His bloody hands slipped on the tree. He caught himself, but not after earning more gashes on his wrist and forearms. Did who or what matter? It was all his fault. He shouldn’t have left Orlia alone. He’d finally claimed a bit of freedom from his mother’s demands and this is what it had cost him. He didn’t know what to feel, it was all jumbling together inside of him.
He did know one thing, though, and it swept over him in a fresh wave of despair. He couldn’t go back. Assuming he was allowed to walk out of the Deep Bramble alive—which was a big if—the people of Thornbrook would grow suspicious of him. A few people had seen him and Orlia going towards the Deep Bramble. If he came out alone and bloodied, he’d be accused of all sorts of nasty things. Some would even be true, in a way. He’d be burned at the stake.

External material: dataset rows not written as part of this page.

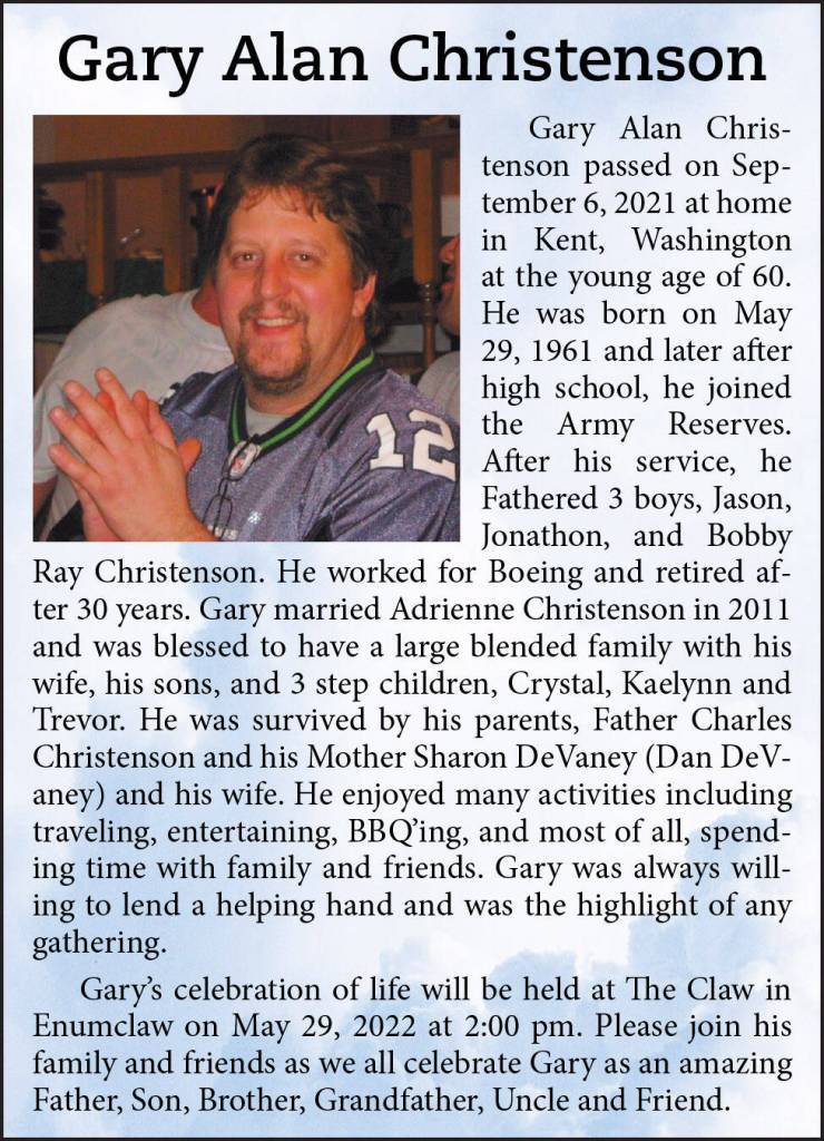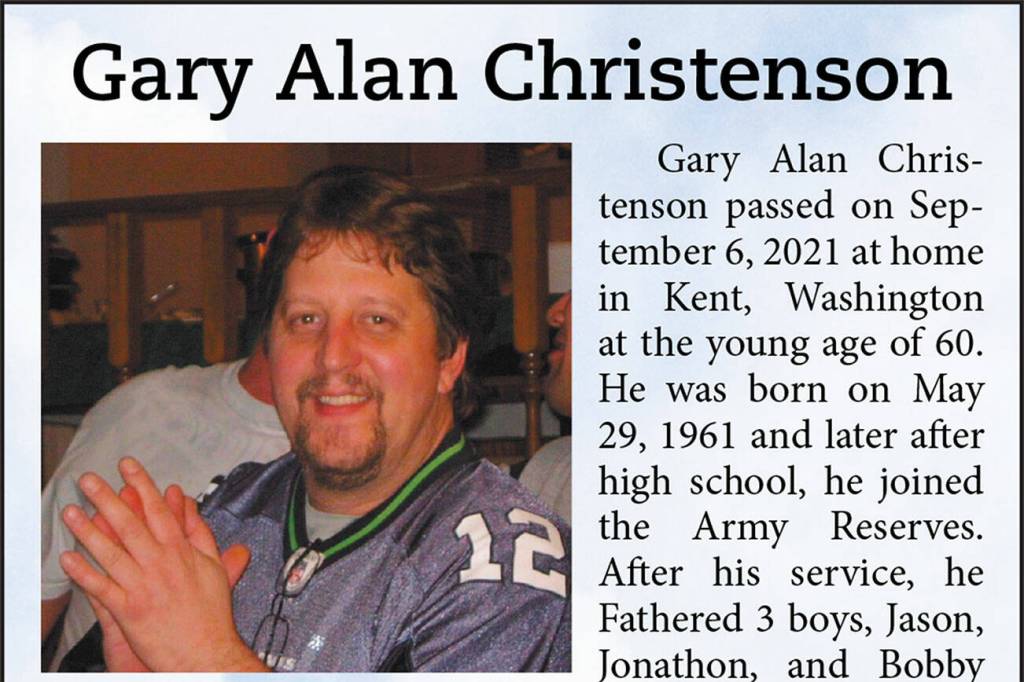 Gary Alan Christenson died September 6, 2021 at the age of 60.
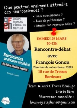 « Que peut-on vraiment attendre des neurosciences ? » avec François Gonon, directeur de recherche à l’IMN et autour du livre Neurosciences : un discours néolibéral ?
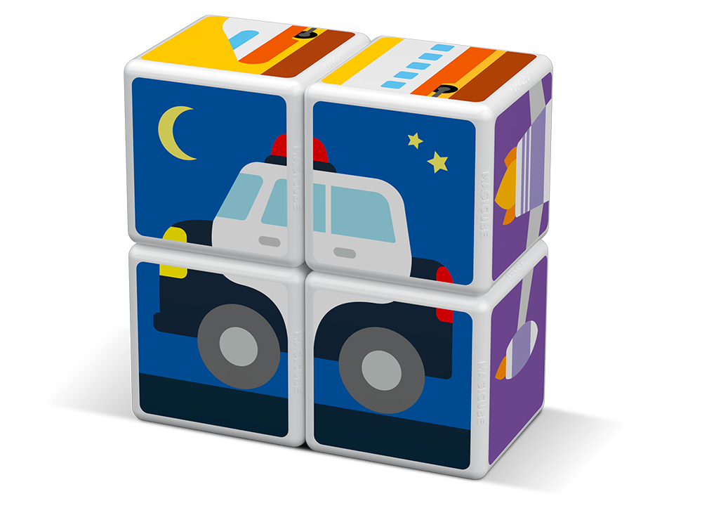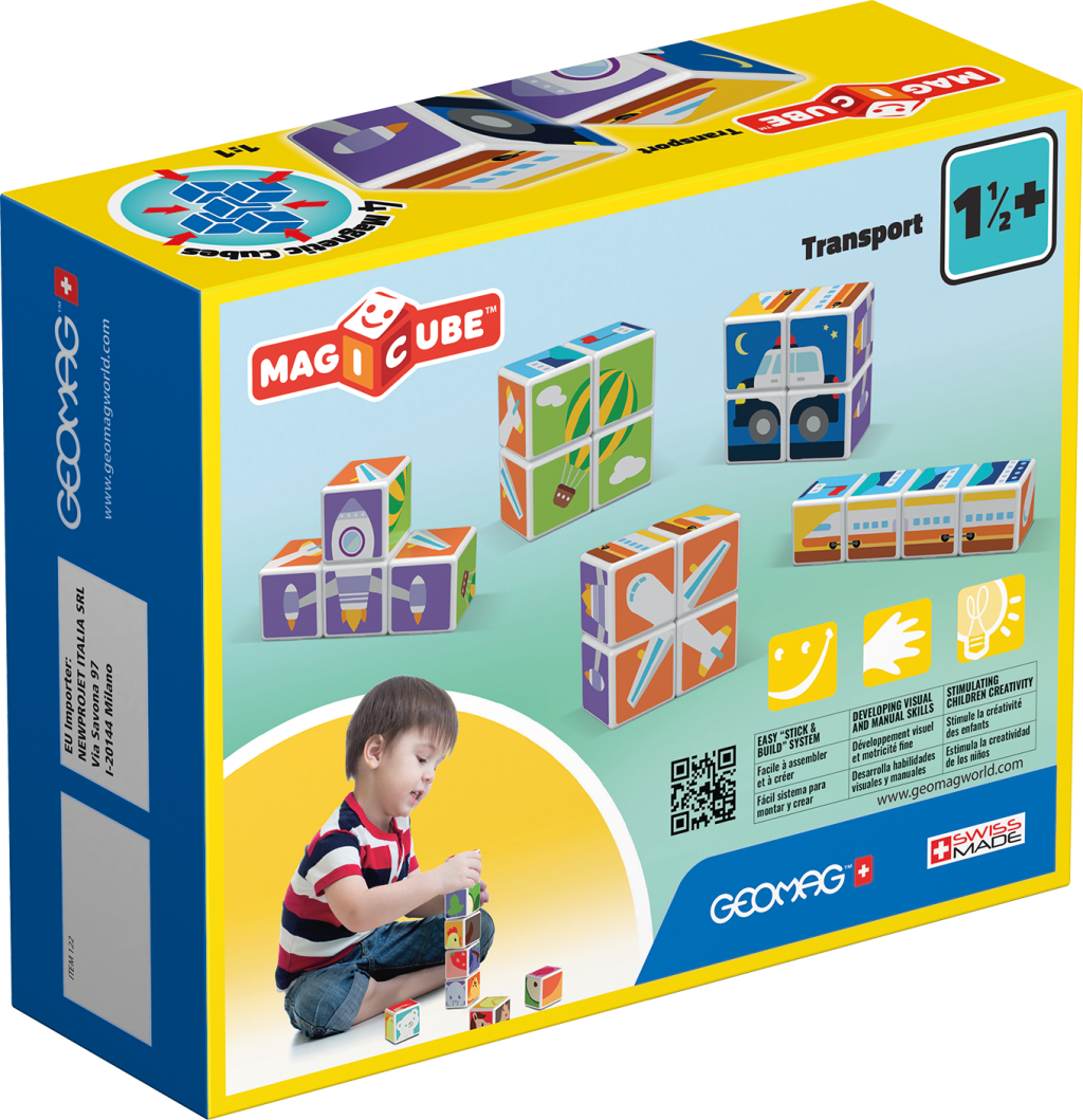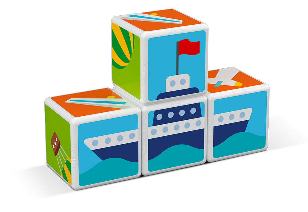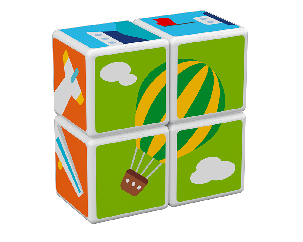 Výlet letadlem, vlakem nebo snad kosmickou raketou? Stačí si vybrat. Jednoduché spojování a otáčení zvládnou i ti nejmenší. Díky magnetkům uvnitř kostek krásně drží v prostoru, stavění ve 3D!!! Obsahuje 4 magnetické kostičky a 6 tipů na skládání (3 kartičky). Určeno pro děti od 1,5 roku.
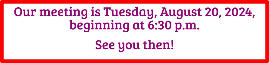It will be this Tuesday, August 20, 2024. Because we need all the space, please don’t bring anything for the freebie counter. The doors open at 5:30, with the meeting beginning at 6:30 p.m. See you then!!
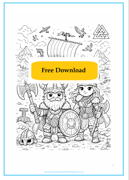 This free printable Vikings colouring sheet allows children to explore key aspects of Viking life, including clothing, weapons, and daily activities. Pupils can colour the illustration while discussing who the Vikings were and how they lived.
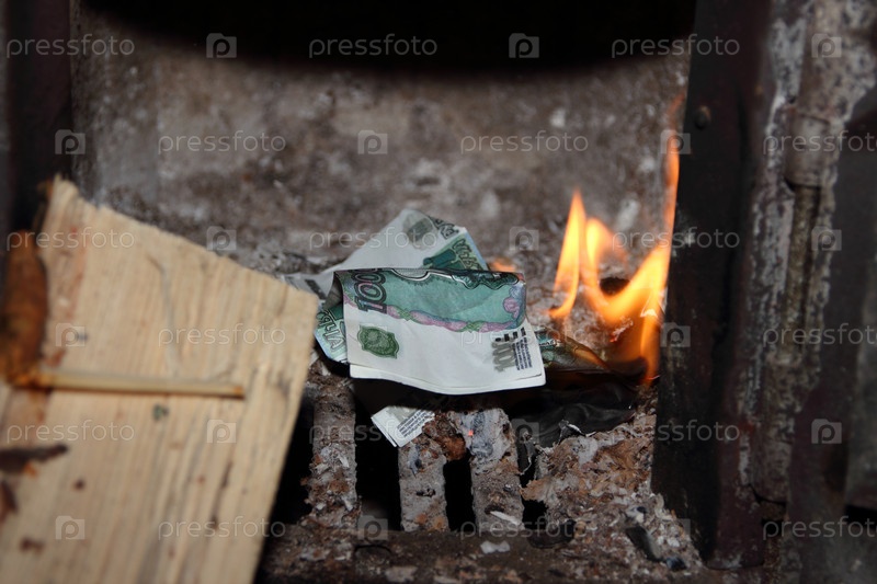 Деньги, горящие в печи
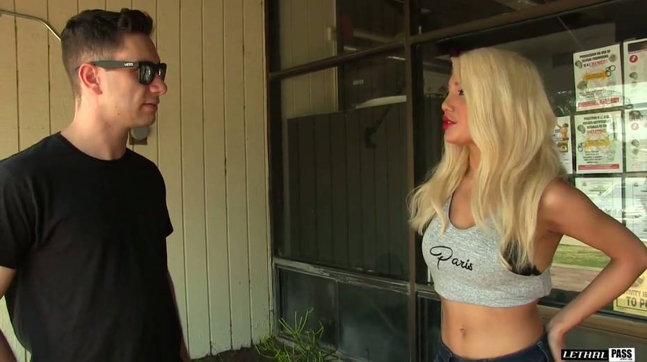 Swanky blond bitch Elizabeth Jolie guzzles a dick and gets her muff slammed
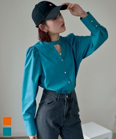 ギャザースリーブバンドカラーブラウス〔メール便可/80〕
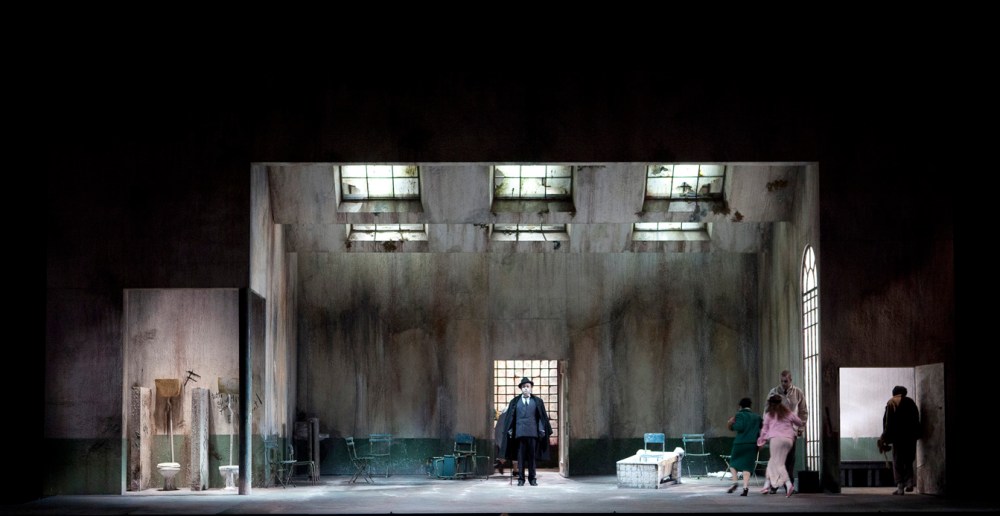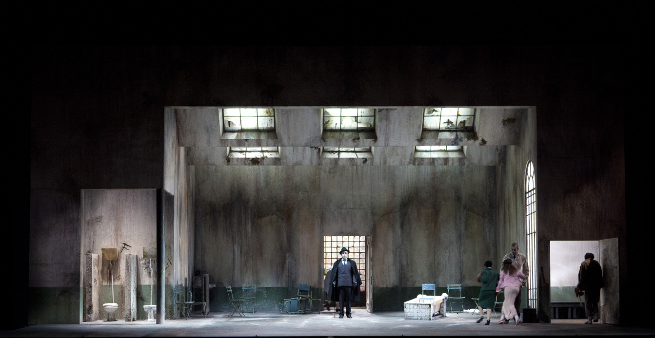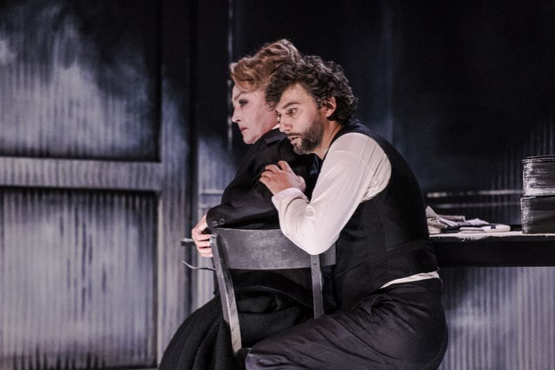 Un paesaggio urbano alla Sironi (ciminiere fumanti e case grigie), ma disegnato con il tratto di Lyonel Feininger e tutto in bianco e nero come in un film degli anni ’20 quello messo in scena da Philipp Stölzl a Salisburgo nel 2015 per la prima parte della tradizionale accoppiata Cavalleria rusticana/Pagliacci. Durante l’introduzione si scopre un palcoscenico suddiviso in sei moduli su due livelli: uno di questi è una soffitta in cui Jonas Kaufmann sfoggia un inatteso accento siciliano (con le t retroflesse di truovo, trasu) e intona a mezza voce, rivolto con le spalle alla platea, la siciliana che abbiamo sempre sentito cantare a squarciagola – una soluzione che sembra l’unica drammaturgicamente logica trattandosi di un adultero che di certo non va a urlare in piazza della sua infatuazione per la moglie di un altro… Sembra pentito di quello che ha fatto con Lola, che vediamo affacciarsi da un abbaino vicino, ma… aspetta: dalla porticina entra un ragazzino, il figlio! E poi Santuzza, piuttosto torva in verità, che viene a rimestare sulla stufa la minestra del magro pranzo. Suona la campana e il ragazzino viene vestito da chierichetto per la processione che si prepara nella strada in basso. Vediamo poi mamma Lucia gestire traffici illeciti e Alfio capo mafioso in completo gessato con la frusta che non usa per il cavallo ma per minacciare e ottenere dalle vittime il pagamento del pizzo, che consegna poi alla vecchia. Il duetto tra Turiddu e Santuzza avviene sul pianerottolo di fronte alla porta di Lola, quello tra Turiddu e la madre attorno al tavolo su cui lei continua a tenere i conti. Mamma Lucia neanche si avvicina al figlio, altro che «un bacio, mamma… un altro bacio…»!
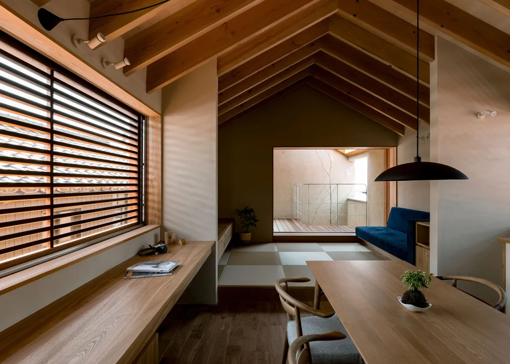 Στο εσωτερικό, η αρχιτεκτονική γιορτάζει την αυτοσυγκράτηση. Εκτεθειμένες ξύλινες δοκοί ευθυγραμμίζουν την οροφή, η υφή τους ζεσταίνει το κατά τα άλλα μινιμαλιστικό εσωτερικό. Οριζόντιες περσίδες φιλτράρουν το ηλιακό φως σε μεταβαλλόμενες λωρίδες που γλιστρούν στους τοίχους καθ’ όλη τη διάρκεια της ημέρας, προσθέτοντας μια γραφική πινελιά στον περιορισμένο χώρο. Η έλλειψη ενός παραδοσιακού κήπου έφερε θύλακες πρασίνου σε εσωτερικούς χώρους. Μικρές αυλές διαθέτουν αισθητικά διαμορφωμένα φυτά και πέτρες ενώ στους όγκους διπλού ύψους, οι φεγγίτες δημιουργούν έναν κάθετο «ουρανό», επιτρέποντας στα δέντρα να αναπτύσσονται ελεύθερα.
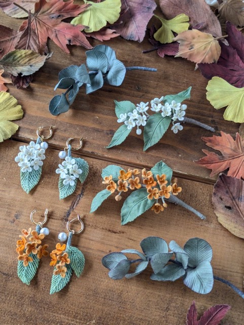 - 白い布を染め コテで形作った染め花のブローチやインテリア、パールや天然石、リボンなどを用いたアクセサリー 「笑みがこぼれる」をコンセプトに、毎日を彩りときめくフラワーアクセサリーやアイテムをお届けします
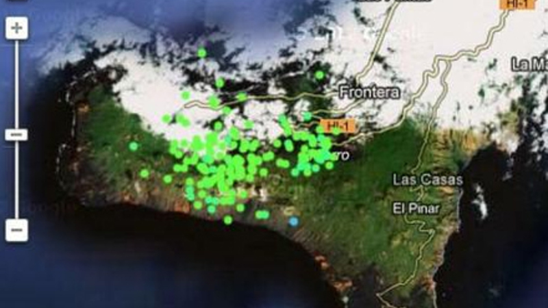 En animation over gårsdagens mange skælv lavet af Avcan viser, at jordskælvene bevægede sig i retning af den undersøiske vulkan, der var i udbrud indtil i foråret, der ligger lige syd for El Hierro.
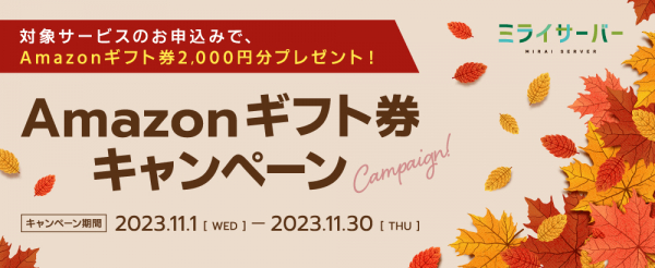 ミライサーバー(運営会社:アシストアップ株式会社、所在地:大阪府大阪市、代表取締役:青木 勝彦)は、2023年11月1日(水)~11月30日(木)の期間、Amazonギフト券キャンペーンを実施いたします。

He glanced weakly at the torch he’d stomped out on the ground. Or, he thought, he could relight the torch and set as much as he could on fire. He had his knife and spare flint with him. He could do it. Either the fae or the forest would kill him for it, or he’d burn to death at his own hands. The angry part of him, wounded from his loss of Fuzzy and Stalwort and his mother, thought this was a perfectly suitable plan. He stumbled over and picked it up.
But the other part, the part that had finally won him a taste of freedom, that so desperately wanted her, objected. He looked towards the glowing glade in the distance. Fleeing the forest or burning it all down—that was the coward’s way out. The fool’s way out. He was still alive, wasn’t he? What if it was a sign? What if his faemark had fated him for this from the very beginning, and there was still a chance? Still a chance to see her? Still a chance for some good to come of all this? What if she did love him, and they could be together? Would that not be better than a bitter, fiery end?
He found himself staggering towards the glade.
The ring of mushrooms seemed to glow even brighter at his return. Torch still in hand, he stepped across the brambly floor of the glade and hovered at the edge of the ring. There were old folktales, too, of these rings. What they meant. Where they led. What you would find on the other side. And when you made that leap, there was no coming back, either.
But to him, in this moment now, it was clear what was inside the ring.
Her.
She was so close. He could practically hear her silvery laugh, smell her fragrant scent, see her beautiful form. She was on the other side, waiting for him.
And, well, maybe that was enough.
He dropped the torch and stepped into the ring.